К концу жизни Достоевский следовал политике старательного ограничения своих размышлений. Обеспокоенный разрушительным влиянием своих произведений, он полностью перестал писать беллетристику.

Идеи и нравственные заповеди его романов странным образом обращались против самих себя, допуская полярно противоположные толкования того, что он в действительности намеревался выразить, и подрывали устои тех нравственных ценностей, которые он защищал. Вместо того, чтобы продолжать писать второй том задуманной трилогии «Братья Карамазовы», для которой уже был завершен полностью детально разработанный план, он все больше уделяет внимание работе с «Дневником автора», в котором поднимает сложные философские вопросы, так тонко освещенные в его романах, но в ясной, даже упрощенной и фанатической форме. Он умер совершенно внезапно через год или около того от легочного кровотечения, — состояние, при котором Lachesis является одним из основных лечащих средств (также как и Crotalus horridus; Кент).
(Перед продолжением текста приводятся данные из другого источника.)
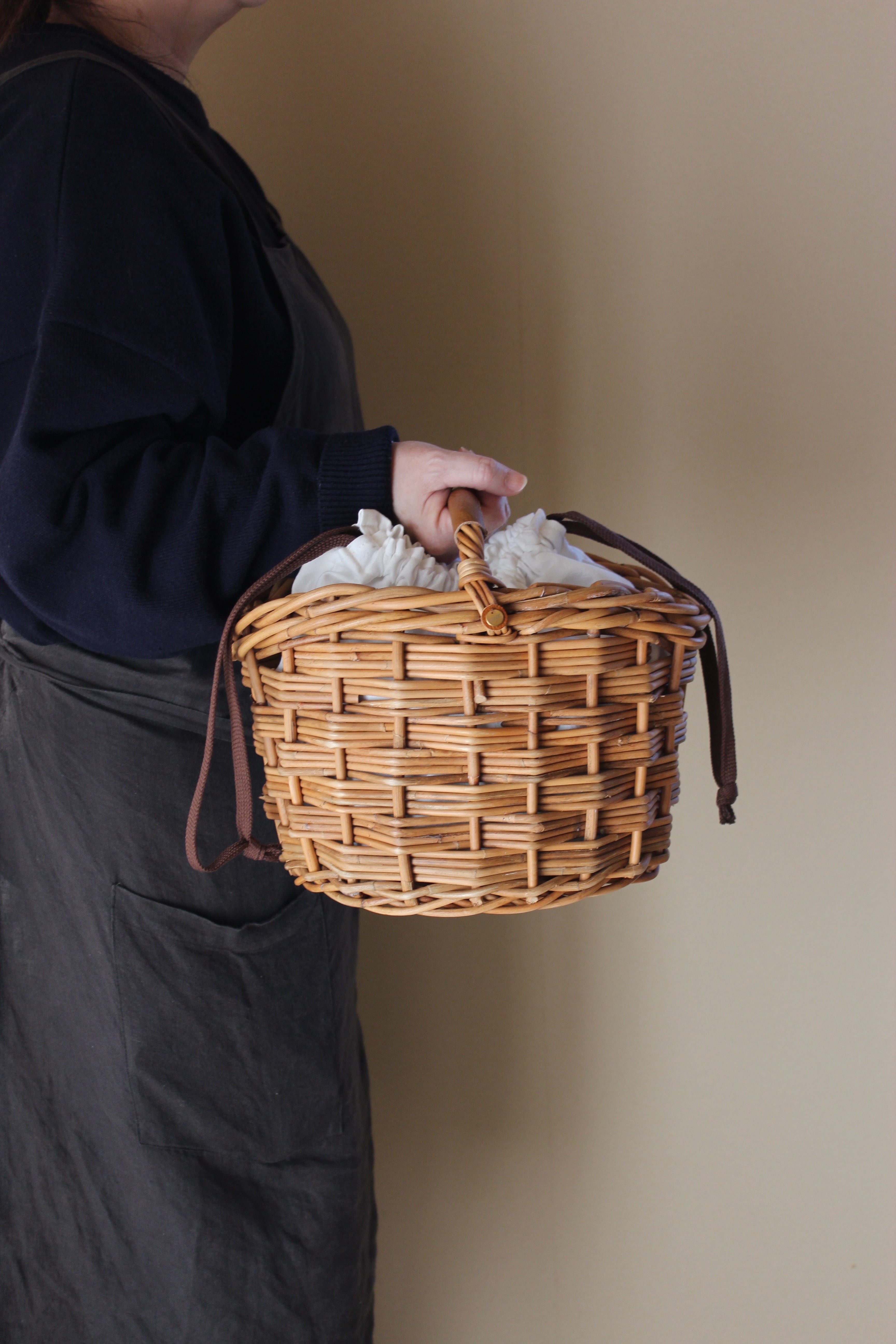 コロンとしたフォルムが特徴的なバスケットに、レザーハンドルの持ち手と内布を組み合わせたワンハンドルの籠バッグになります。

Можно ли эту внезапную смерть толковать как трагический пример «отрицательного эффекта от подавления (психических) разгрузок», от того, что его гению не было позволено выражать себя в полную силу?

Или Lachesis может поступать противоположным образом: не имея строгих моральных обязательств, может впасть в релятивизм и цинизм в ещё большей мере. Он может, к примеру, решить, что институты цивилизации по своей сути не представляют никакой ценности или даже приносят зло. Так институт супружества, теоретически установленный для того, чтобы сохранять любовь, служит только для разрушения её искренности и самопроизвольности (сравните с точкой зрения Lycopodium), в то время как недостатки общественных институтов, которые он поддерживает, заключаются не в административных или законодательных дефектах, которые можно в конце концов исправить (точка зрения Lycopodium), и не в индивидуумах, представляющих эти институты, которых можно заменить (точка зрения Natrum muriaticum), но в самой своей природе: они скорее стремятся утвердиться навсегда, чем охранять ценность того, ради защиты чего они были первоначально установлены.

Этот нигилизм Lachesis — его прирожденная «внутренняя подозрительность» (Кент) и недоверие — являются, в значительной мере, проекцией его собственных внутренних противоречий в масштабе всего мира. Если человек слаб, эгоистичен и легко поддается коррупции (как ему известно, поскольку такова одна из сторон его личности), то как эти черты не будут заложены в функционировании институтов, в которых, как печально известно, отбросы поднимаются наверх или где важность и обезличенность большинства стирает все то, что нравственно и этично в индивидууме?

Третья разновидность типа колеблется между крайностями интеллектуальной неподатливости и скептицизмом, когда обе эти черты существуют одновременно у одной и той же личности. Эта раздвоенная психика с её неустойчивыми сменами отношений и поведения похожа на маленькую морскую лодочку, которую качает и бьет под сильным ветром то вправо, то влево, пока она старается удержаться на плаву и прокладывает путь в гавань.

РЕБЕНОК

Только сознание взрослого человека может участвовать в нравственном конфликте, осознать парадокс или оценить интеллектуальный релятивизм, а дети типа Lachesis могут быть слишком развитыми по сравнению со своими ровесниками, обычно не задающимися нравственными или интеллектуальными вопросами. Эти дети (особенно девочки, которые взрослеют быстрее, чем мальчики) часто говорят, что «родились старыми», потому что с раннего возраста, хорошо это или плохо, но они обладают чем-то похожим на мудрость змеи.